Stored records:
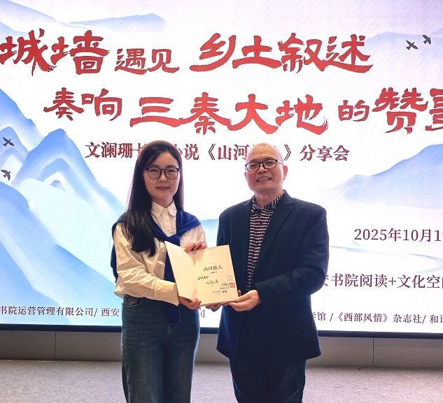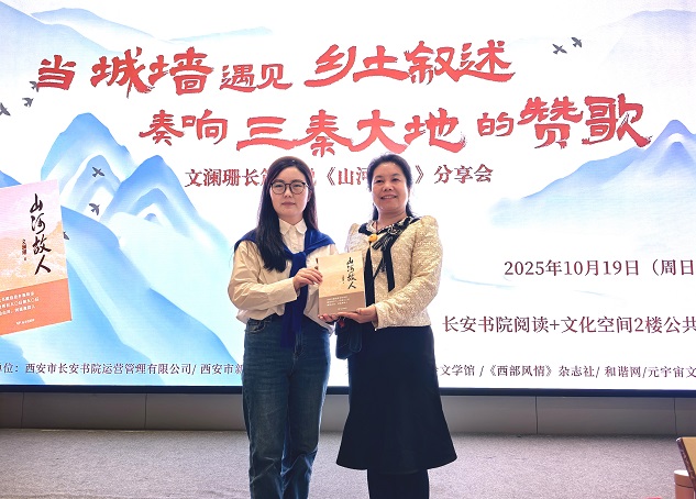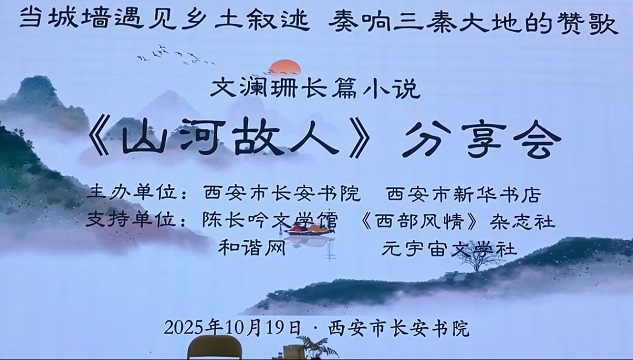 【和谐中国网】(西安讯)2025年10月19日,一场题为“当城墙遇上乡土叙述,奏响三秦大地的赞歌”文澜珊长篇小说《山河故人》分享会在长安书院成功举办。此次活动由西安市长安书院、西安市新华书店联合主办,并得到了陈长吟文学馆、《西部风情》杂志社、和谐网、陕西广播电视报、中国商报陕西记者站等联合支持,活动吸引了众多文学爱好者、专家学者及媒体人士的参与。
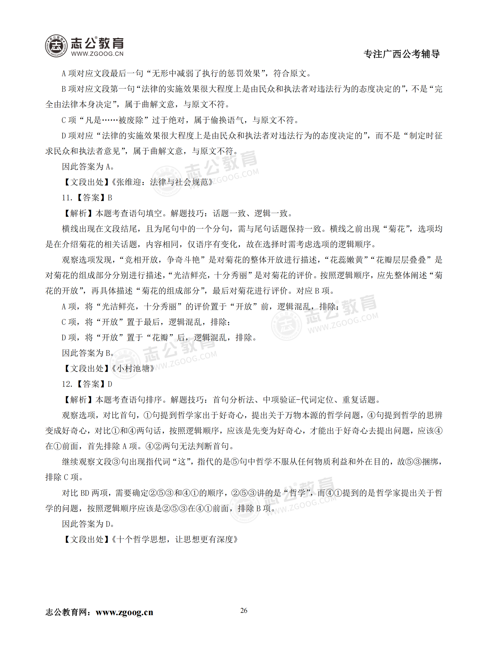 【公考模塊練習(xí)】言語理解題一(答案)
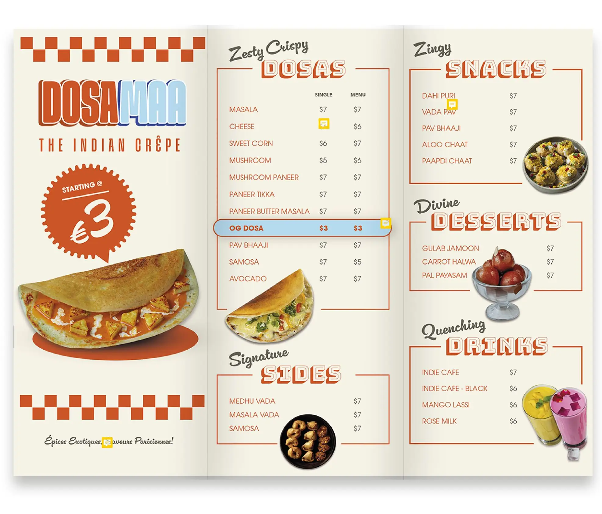 Dosama offers a fusion of South Indian flavors and French cuisine. Since its inception, Dosama has focused on preserving dosa authenticity while innovating its menu. With an emphasis on quality and memorable experiences, Dosama invites individuals to be part of its mission to redefine Indian cuisine in France.
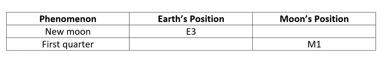 If the moon is at M2, then what position will the Earth need to be at for a full moon?
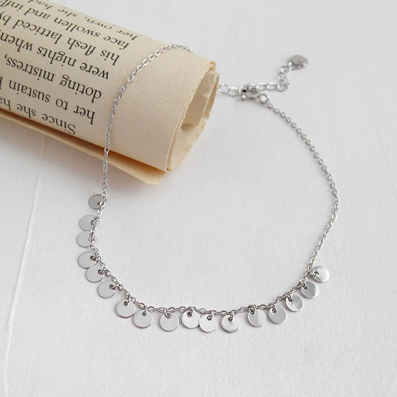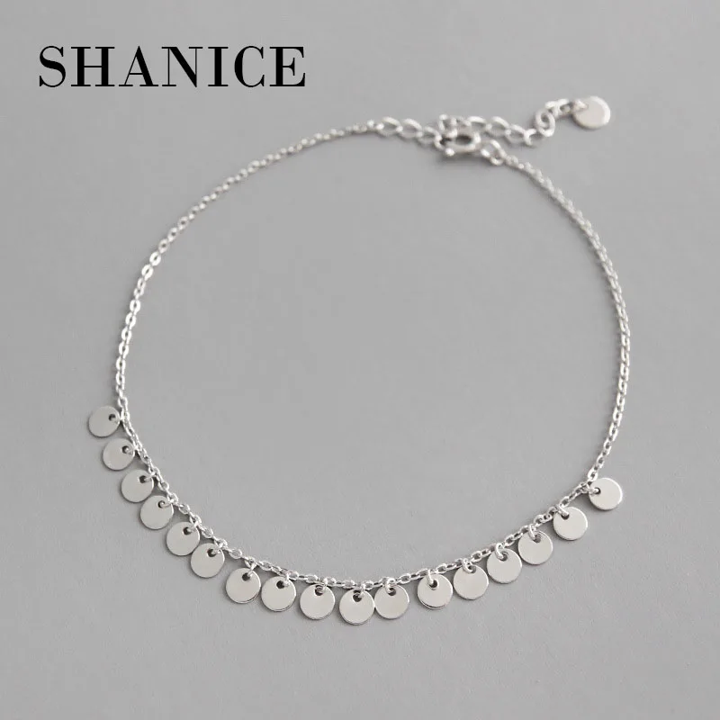 Шанис реальные 925 стерлингового серебра Браслет Модные круглые куски кулон пляжные ножные браслеты серебро Сандалеты с перепонкой на лодыжке, Женские Ювелирные изделия, подарок
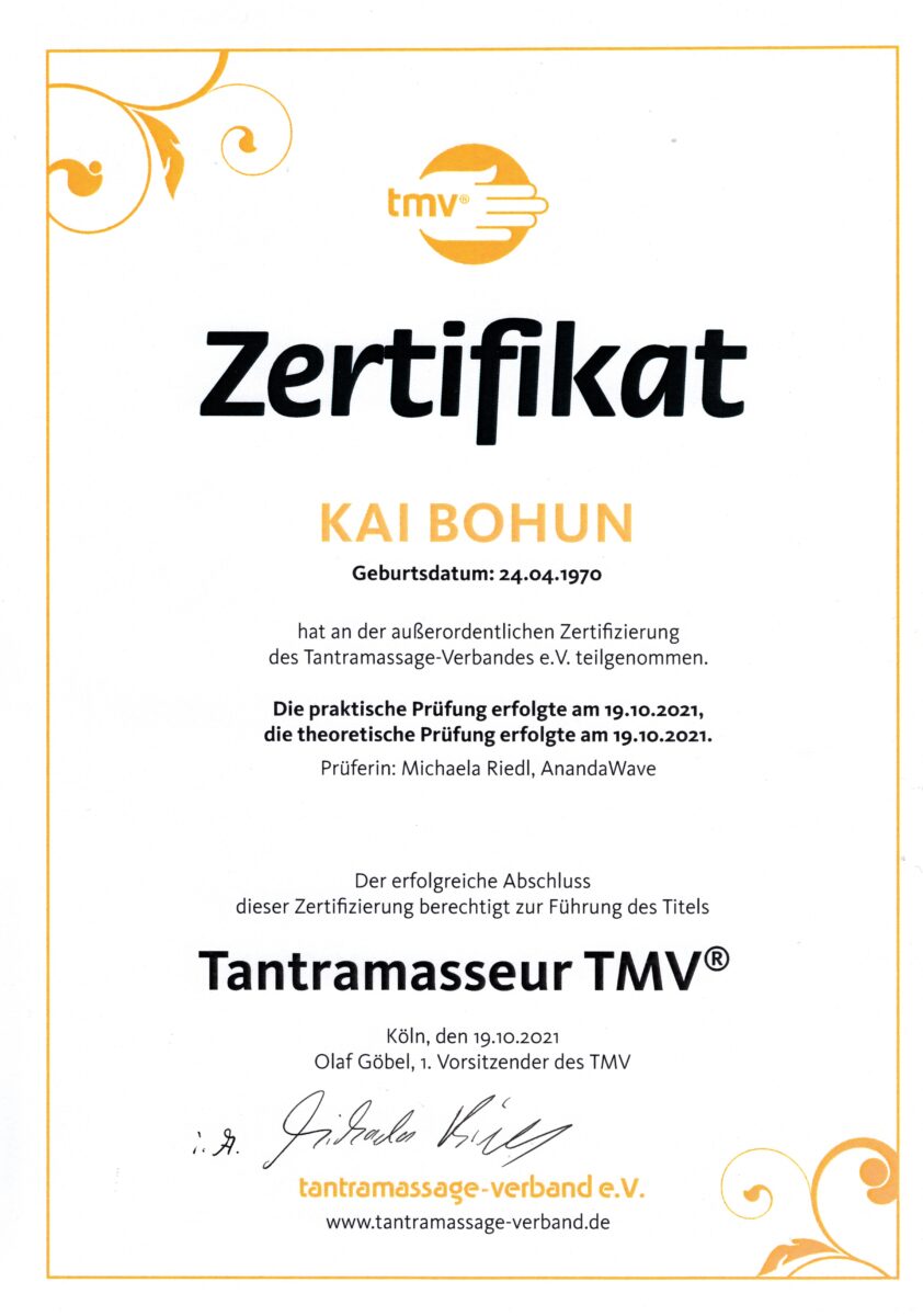 Seit 2020 Mitglied im Tantramassage-Verband e.V.
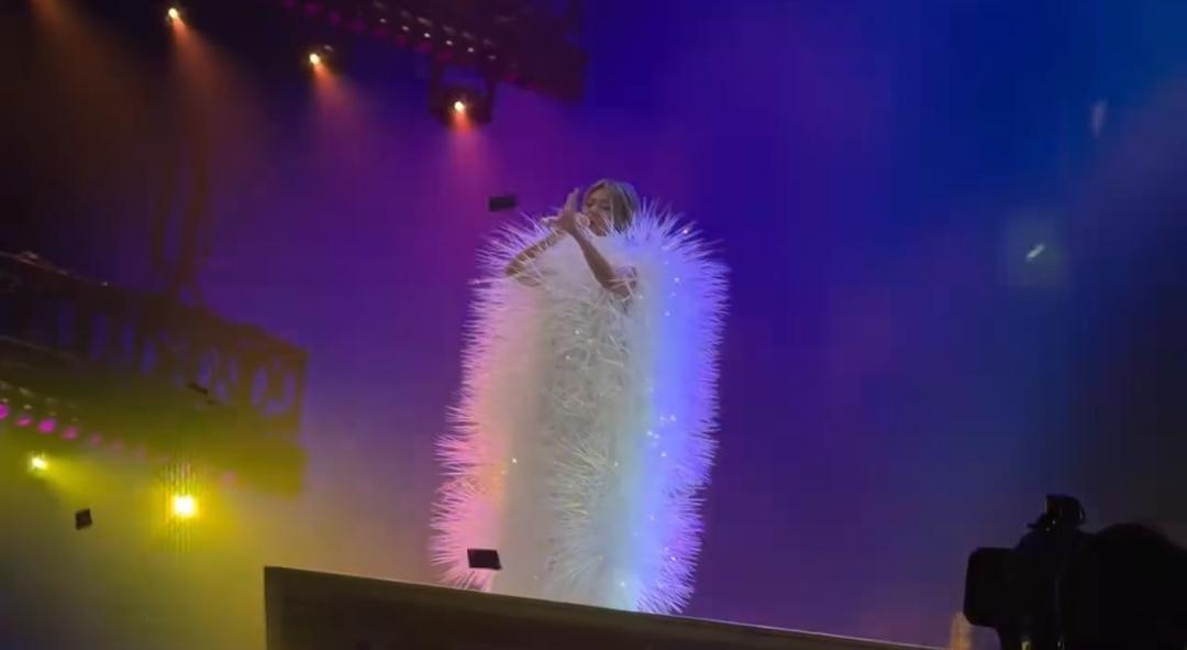 这哪是舞台女王啊,这分明是一颗修炼成精的超大号白海胆。 浑身上下都支棱着“尖刺”,连胳膊都快被藏没了,真的生怕她一抬手,就把旁边的伴舞给扎到了。 咱就是说,造型师是不是对仙气有什么奇奇怪怪的误解啊。
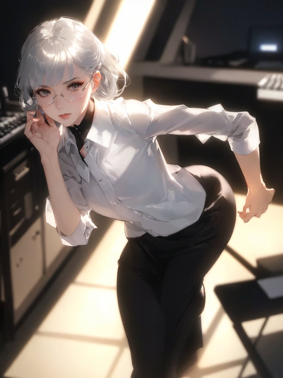 ((8k,delicate facial features, ultra high res, best quality, masterpiece:1.2,perfect anatomy:1.1,super detailed skin,textile shading,)) (1girl,pale skin,solo), (action,) office worker,slender,legs focus,,black pantyhose,side shot,night,lump,loafer,glossy hime cut,long blunt bangs,silver glasses,((head out of frame,))typing pc's keyboard,full makeup,small breast,depth of field,cinematic lighting,cinematic shadows,cinematic angle,cinematic pose,
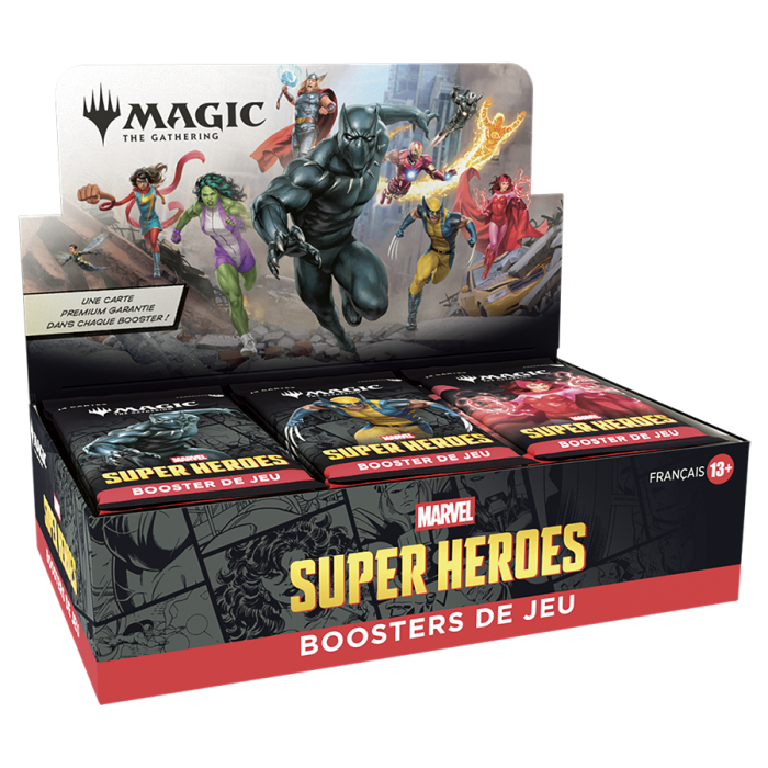 L'univers Marvel débarque en force ! Une équipe all-star de gros cogneurs passe des pages de BD au champ de bataille, et le destin du monde est en jeu. Rassemblez l'équipe de super-héros et de super-vilains de vos rêves, puis équipez-les de leur équipement emblématique, avant d'utiliser leurs redoutables capacités. Envolez-vous, frappez et fracassez pour remporter la victoire dans Magic: The Gathering | Marvel Super Heroes !
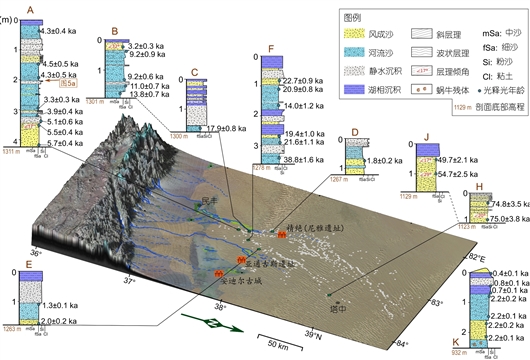 从2015年至今,研究团队对塔克拉玛干沙漠中西部南北大断面进行了广泛的遥感调查和地貌学考察,并以沉积地层学为基础,对9个典型的河流-湖泊-风沙沉积剖面开展了全面系统的研究。
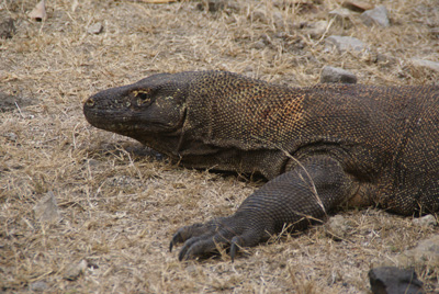 >  Le plus grand des varans, le varan de Komodo, vit en Indonésie. Il mesure 2 à 3 m de long et pèse jusqu’à 70 kg. Il peut manger un homme…
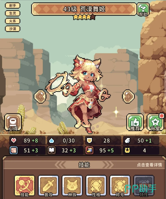 第二位是「荒漠舞姬」,别名火猫、舞娘。该角色属射手职业,兼具物理输出与团队增益双重职能。其标志性能力为投掷回旋镖触发5层「鼓舞」效果,该层数可叠加并持续生效,大幅提升全队攻速与暴击率。值得注意的是,鼓舞效果的实际收益随层数提升呈非线性增长,因此常被用于构筑多段爆发体系。此外,她可适配眩晕类射手专属装备,强化控场衔接能力,在面对高机动性敌人时表现尤为突出。
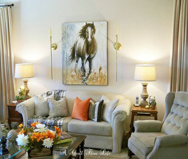 Then this is the room with the painting — Love how the painting totally changed the feel of the room, but it needed something – I just didn’t want to take away from the painting, just something to finish off the wall space.
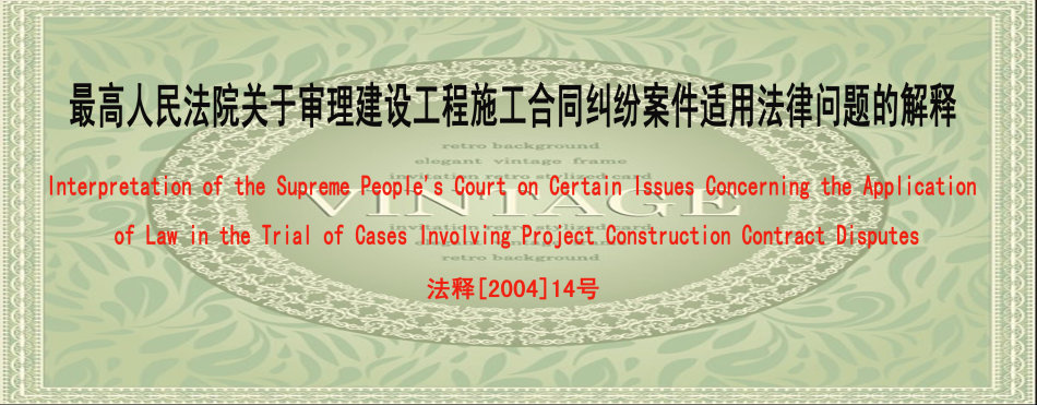 In accordance with the General Principles of the Civil Law of the People's Republic of China, the Contract Law of the People's Republic of China, the Biding Law of People's Republic of China, the Civil Procedure Law of the People's Republic of China, and the related laws and regulations, and based on the actual situation of the civil trial and adjudication, this Interpretation is formulated for issues concerning the application of law in the trial of cases involving project construction contract disputes.

WORK INSTRUCTIONS —
Starting at the line containing "L'univers Marvel débarque" and stopping at the line containing "manger un homme…", output every line above exactly, both ends included, with pictures omitted.

EXERCISE RESPONSE —
 L'univers Marvel débarque en force ! Une équipe all-star de gros cogneurs passe des pages de BD au champ de bataille, et le destin du monde est en jeu. Rassemblez l'équipe de super-héros et de super-vilains de vos rêves, puis équipez-les de leur équipement emblématique, avant d'utiliser leurs redoutables capacités. Envolez-vous, frappez et fracassez pour remporter la victoire dans Magic: The Gathering | Marvel Super Heroes !
 从2015年至今,研究团队对塔克拉玛干沙漠中西部南北大断面进行了广泛的遥感调查和地貌学考察,并以沉积地层学为基础,对9个典型的河流-湖泊-风沙沉积剖面开展了全面系统的研究。
 >  Le plus grand des varans, le varan de Komodo, vit en Indonésie. Il mesure 2 à 3 m de long et pèse jusqu’à 70 kg. Il peut manger un homme…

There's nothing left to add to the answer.